§ What to produce: All that is wanted is the lines from the first line of the listing below through the line containing "为了保持宿舍清洁,8-123", written out exactly with pictures left out.
** Opening Supplied data block **
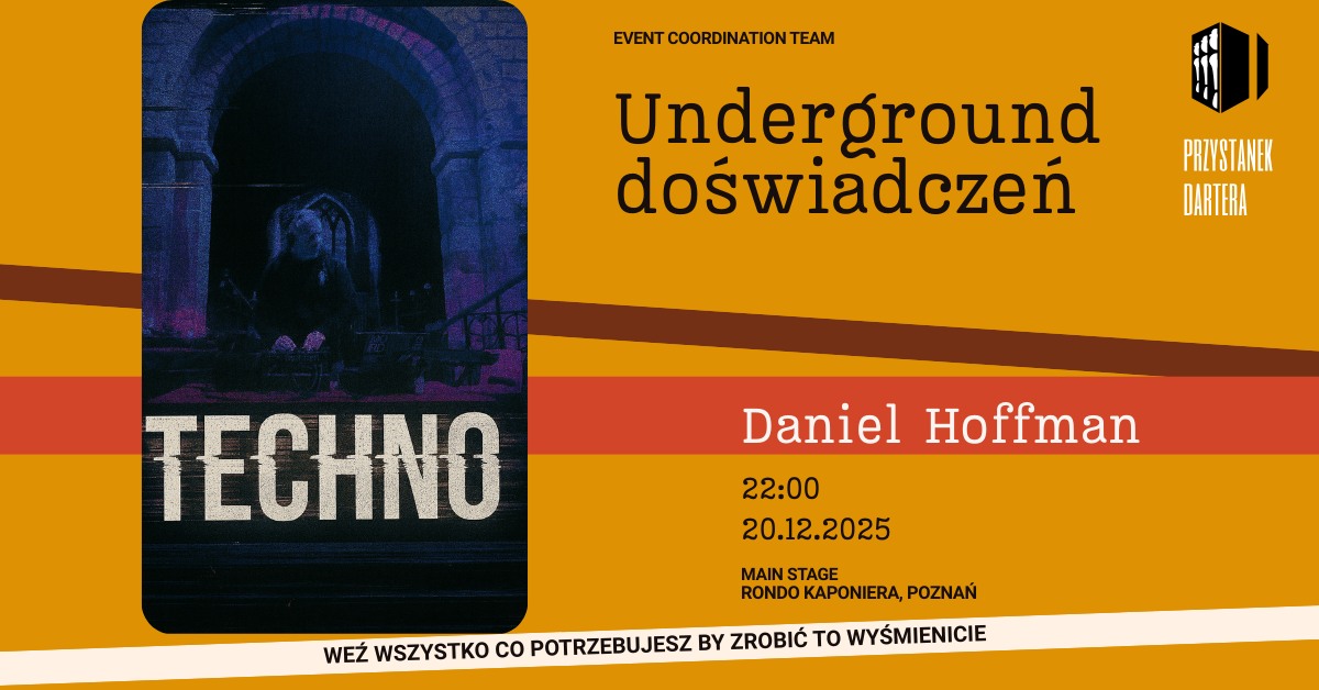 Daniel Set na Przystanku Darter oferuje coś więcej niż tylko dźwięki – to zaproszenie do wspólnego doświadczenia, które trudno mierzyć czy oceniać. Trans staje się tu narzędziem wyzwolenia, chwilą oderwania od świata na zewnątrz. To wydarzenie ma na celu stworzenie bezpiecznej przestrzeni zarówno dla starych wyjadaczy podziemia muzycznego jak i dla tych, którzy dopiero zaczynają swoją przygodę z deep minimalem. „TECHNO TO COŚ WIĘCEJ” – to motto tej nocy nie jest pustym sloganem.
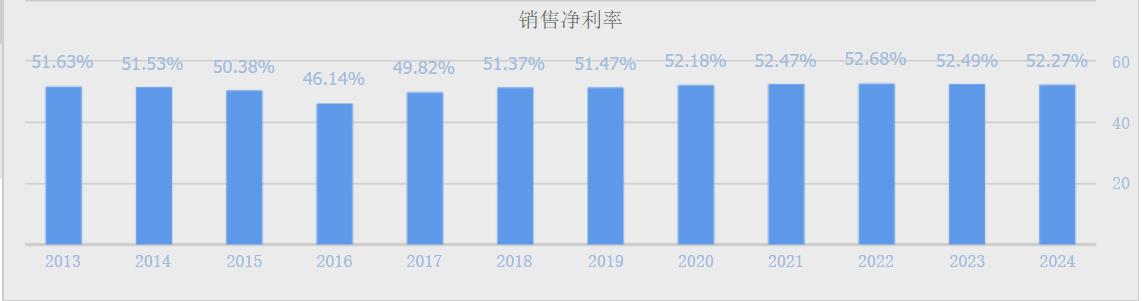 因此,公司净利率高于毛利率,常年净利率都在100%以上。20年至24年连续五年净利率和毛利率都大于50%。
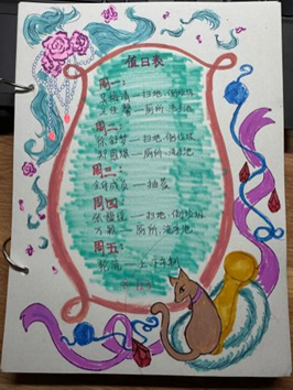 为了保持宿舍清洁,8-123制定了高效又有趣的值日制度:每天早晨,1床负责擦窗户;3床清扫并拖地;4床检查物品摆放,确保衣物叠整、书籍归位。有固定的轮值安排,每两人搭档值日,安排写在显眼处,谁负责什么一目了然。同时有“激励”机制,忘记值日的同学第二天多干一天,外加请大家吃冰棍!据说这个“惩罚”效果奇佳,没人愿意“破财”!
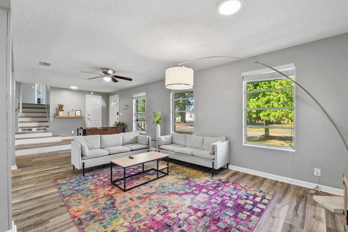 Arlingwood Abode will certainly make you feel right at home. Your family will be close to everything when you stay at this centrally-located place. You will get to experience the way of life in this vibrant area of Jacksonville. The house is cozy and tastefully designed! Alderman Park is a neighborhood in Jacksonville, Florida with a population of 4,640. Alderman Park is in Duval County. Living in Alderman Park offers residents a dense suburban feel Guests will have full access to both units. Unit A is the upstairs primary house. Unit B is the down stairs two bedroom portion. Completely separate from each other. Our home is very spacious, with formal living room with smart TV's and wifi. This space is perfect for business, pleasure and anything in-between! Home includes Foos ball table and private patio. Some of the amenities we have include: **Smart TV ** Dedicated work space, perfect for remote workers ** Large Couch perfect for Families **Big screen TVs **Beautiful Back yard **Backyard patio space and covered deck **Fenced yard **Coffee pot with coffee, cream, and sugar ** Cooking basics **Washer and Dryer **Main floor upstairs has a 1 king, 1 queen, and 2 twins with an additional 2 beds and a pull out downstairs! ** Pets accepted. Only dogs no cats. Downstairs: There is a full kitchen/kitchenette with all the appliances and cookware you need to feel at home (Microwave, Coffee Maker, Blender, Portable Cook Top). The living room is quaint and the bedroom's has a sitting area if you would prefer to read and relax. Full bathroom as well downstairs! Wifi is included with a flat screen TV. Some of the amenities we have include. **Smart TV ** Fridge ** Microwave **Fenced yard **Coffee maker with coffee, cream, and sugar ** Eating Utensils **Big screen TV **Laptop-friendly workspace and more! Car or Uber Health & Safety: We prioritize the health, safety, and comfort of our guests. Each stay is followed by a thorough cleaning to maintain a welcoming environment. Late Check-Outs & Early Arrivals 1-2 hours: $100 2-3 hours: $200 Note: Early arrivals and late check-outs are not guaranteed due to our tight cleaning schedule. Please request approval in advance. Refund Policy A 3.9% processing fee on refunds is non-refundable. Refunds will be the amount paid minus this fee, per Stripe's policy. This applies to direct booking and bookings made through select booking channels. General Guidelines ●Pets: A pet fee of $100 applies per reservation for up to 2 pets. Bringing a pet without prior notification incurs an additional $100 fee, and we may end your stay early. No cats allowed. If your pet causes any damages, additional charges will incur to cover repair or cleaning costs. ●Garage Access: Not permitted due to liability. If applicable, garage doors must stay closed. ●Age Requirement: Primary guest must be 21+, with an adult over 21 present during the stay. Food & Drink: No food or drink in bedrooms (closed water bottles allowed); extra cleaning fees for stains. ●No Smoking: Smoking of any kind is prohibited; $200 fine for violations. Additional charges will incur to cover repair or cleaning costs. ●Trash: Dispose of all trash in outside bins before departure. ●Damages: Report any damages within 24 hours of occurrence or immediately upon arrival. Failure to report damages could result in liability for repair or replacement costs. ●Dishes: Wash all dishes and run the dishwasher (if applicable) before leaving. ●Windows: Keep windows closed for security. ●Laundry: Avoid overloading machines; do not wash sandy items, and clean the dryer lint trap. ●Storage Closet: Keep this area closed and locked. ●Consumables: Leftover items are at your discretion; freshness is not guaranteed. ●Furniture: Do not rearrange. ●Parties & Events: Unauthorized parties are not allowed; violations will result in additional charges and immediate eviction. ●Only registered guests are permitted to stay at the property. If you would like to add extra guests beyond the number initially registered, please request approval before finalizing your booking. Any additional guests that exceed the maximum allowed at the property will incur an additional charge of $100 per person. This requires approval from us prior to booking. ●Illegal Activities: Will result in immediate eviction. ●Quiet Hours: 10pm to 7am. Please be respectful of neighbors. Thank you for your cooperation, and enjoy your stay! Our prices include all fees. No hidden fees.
** Closing Supplied data block **
§ Solution for this task:
 Daniel Set na Przystanku Darter oferuje coś więcej niż tylko dźwięki – to zaproszenie do wspólnego doświadczenia, które trudno mierzyć czy oceniać. Trans staje się tu narzędziem wyzwolenia, chwilą oderwania od świata na zewnątrz. To wydarzenie ma na celu stworzenie bezpiecznej przestrzeni zarówno dla starych wyjadaczy podziemia muzycznego jak i dla tych, którzy dopiero zaczynają swoją przygodę z deep minimalem. „TECHNO TO COŚ WIĘCEJ” – to motto tej nocy nie jest pustym sloganem.
 因此,公司净利率高于毛利率,常年净利率都在100%以上。20年至24年连续五年净利率和毛利率都大于50%。
 为了保持宿舍清洁,8-123制定了高效又有趣的值日制度:每天早晨,1床负责擦窗户;3床清扫并拖地;4床检查物品摆放,确保衣物叠整、书籍归位。有固定的轮值安排,每两人搭档值日,安排写在显眼处,谁负责什么一目了然。同时有“激励”机制,忘记值日的同学第二天多干一天,外加请大家吃冰棍!据说这个“惩罚”效果奇佳,没人愿意“破财”!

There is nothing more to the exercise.